3. Consider the Return on Investment (ROI)
Automation involves a significant upfront investment. Calculating ROI helps determine whether the expenditure is justified. Factors to include:
Equipment and software costs (PLCs, robots, sensors, etc.).
Installation and integration with existing systems.
Staff training.
Expected savings in labor, waste reduction, and increased production.
4. Choose the Right Equipment
The market offers a wide variety of PLCs and industrial robots, each designed for different applications. Selecting the right ones to meet your company’s needs is essential. Key factors to evaluate:
PLC capabilities: Speed, memory, and compatibility with existing devices.

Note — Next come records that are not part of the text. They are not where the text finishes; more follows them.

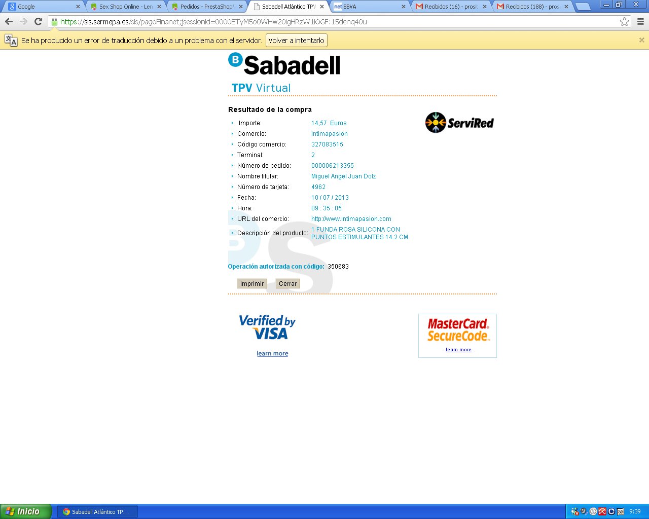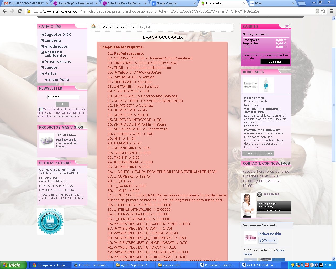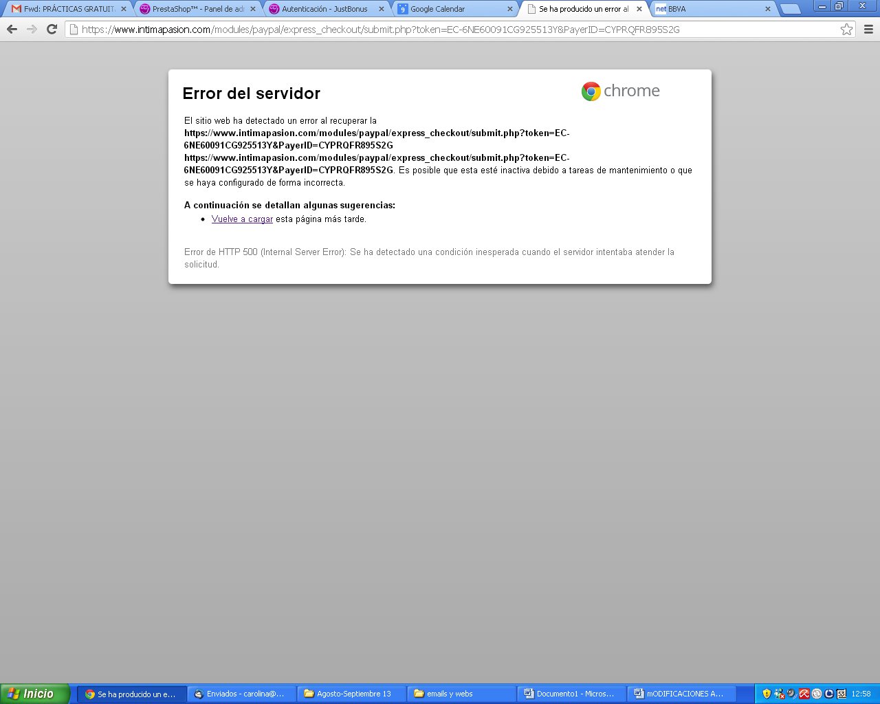 Capturas de pantalla con errores mostrados al hacer el pago con Paypal y servired en ficheros adjuntos.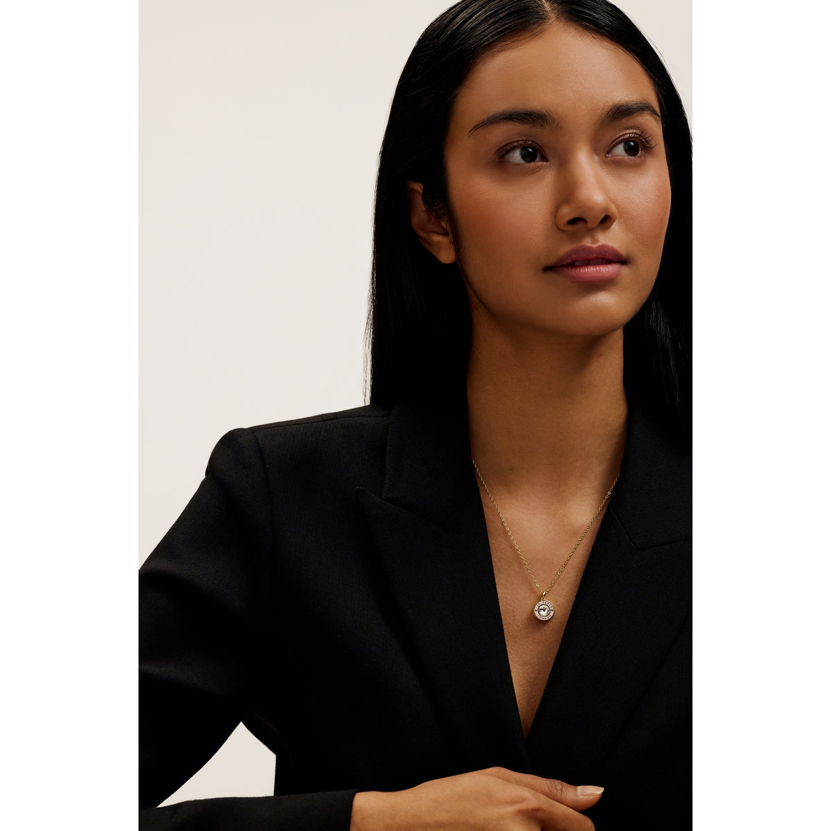 ted baker cherlie: crystal button pendant necklace gold tone, pink, clear crystal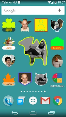 Choose from multiple shapes for displaying your contacts. 6 different layouts, all resizable.Easy configuration. Add single contacts, add your favorites or any other group you already had setup. You can order the contacts as you please.You can edit the widgets after setup too. Add a colorful frame to your pictures. Choose direct dial or message, or show the quick menu.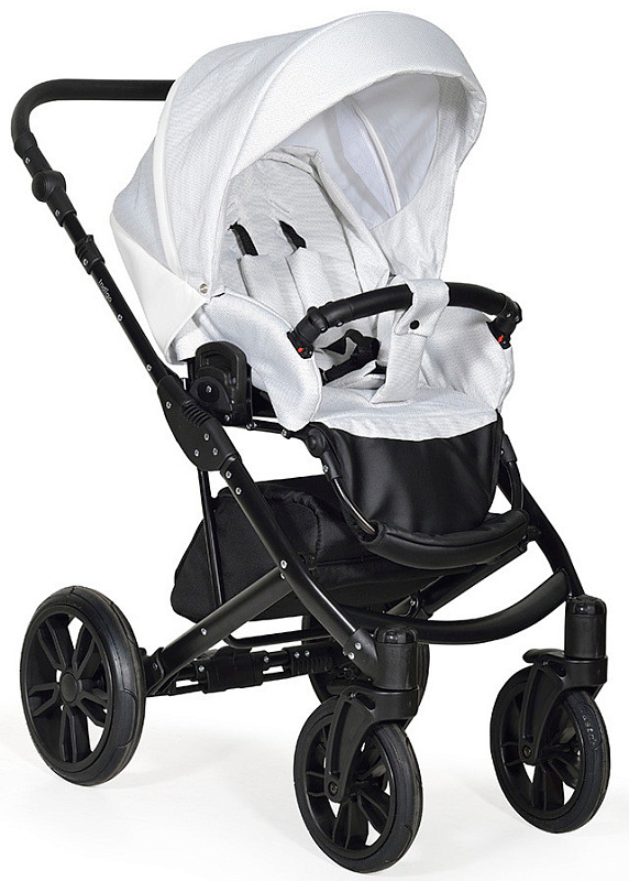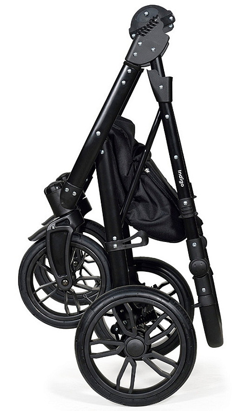 Рама коляски складывается как книжка и со снятыми колесами без проблем поместится в багажник автомобиля. Передние поворотные колеса при желании можно зафиксировать. Колеса у коляски резиновые надувные - вместе с регулируемыми пружинными амортизаторами обеспечивают плавный убаюкивающий ход. Регулируемая кожаная ручка подстраивается под рост родителя и приятна на ощупь. Блоки на раме можно устанавливать как лицом к маме, так и по ходу движения - с системой One Touch это займет минимум времени и усилий. Центральный тормоз фиксирует коляску одним нажатием педали. Для багажа предусмотрена закрытая текстильная сумка.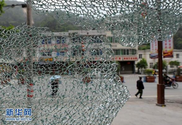4月21日在四川省雅安市寶興縣靈關(guān)鎮(zhèn)拍攝的在地震中受損的玻璃。來自民政部的消息,據(jù)四川省民政廳21日17時(shí)統(tǒng)計(jì),四川蘆山7級地震已造成208人死亡、失蹤,其中184人死亡、24人失蹤,另有11826人受傷。新華社發(fā)(薛玉斌攝)

Robot type: Articulated, SCARA, collaborative (cobots), etc., depending on tasks.
Scalability: Systems that can expand as production grows.
5. Train Your Workforce
Automation doesn’t eliminate the need for human intervention; instead, it creates new responsibilities. Staff must be trained to:
Operate and program the equipment.
Perform basic maintenance.
Identify and troubleshoot system failures.
Investing in training is vital for long-term success.
6. Ensure Adequate Infrastructure
Implementing automated systems requires a robust infrastructure. This includes:
Physical space for installing robots or machinery.
Industrial communication networks like Ethernet/IP or Profibus to connect devices.
Stable power supply.
Working with engineers to adapt infrastructure to automation needs is essential.
7. Comply with Standards and Regulations
Automation must comply with safety standards and sector-specific regulations. This ensures not only worker protection but also product acceptance in demanding markets. For industrial robots, for example, consider standards like ISO 10218 (robot safety) or certified equipment.
8. Seek Expert Guidance
Automation is a technical process requiring advanced expertise. Engaging professionals in PLC and industrial robot programming simplifies selection, implementation, and maintenance. Partnering with reliable integration companies can make the difference between success and failure.
9. Plan a Phased Implementation
Instead of automating all processes at once, many SMEs opt for gradual implementation. This allows them to:
Mitigate financial risks.
Identify and resolve issues in early stages.
Help employees and processes adapt to change progressively.
Conclusion
Industrial automation with PLCs and robots is a powerful tool for SMEs aiming to grow in competitive markets. However, its implementation requires strategic analysis, adequate investment, and a mindset of continuous improvement. By considering these aspects, companies can ensure that automation not only meets their goals but also drives long-term growth.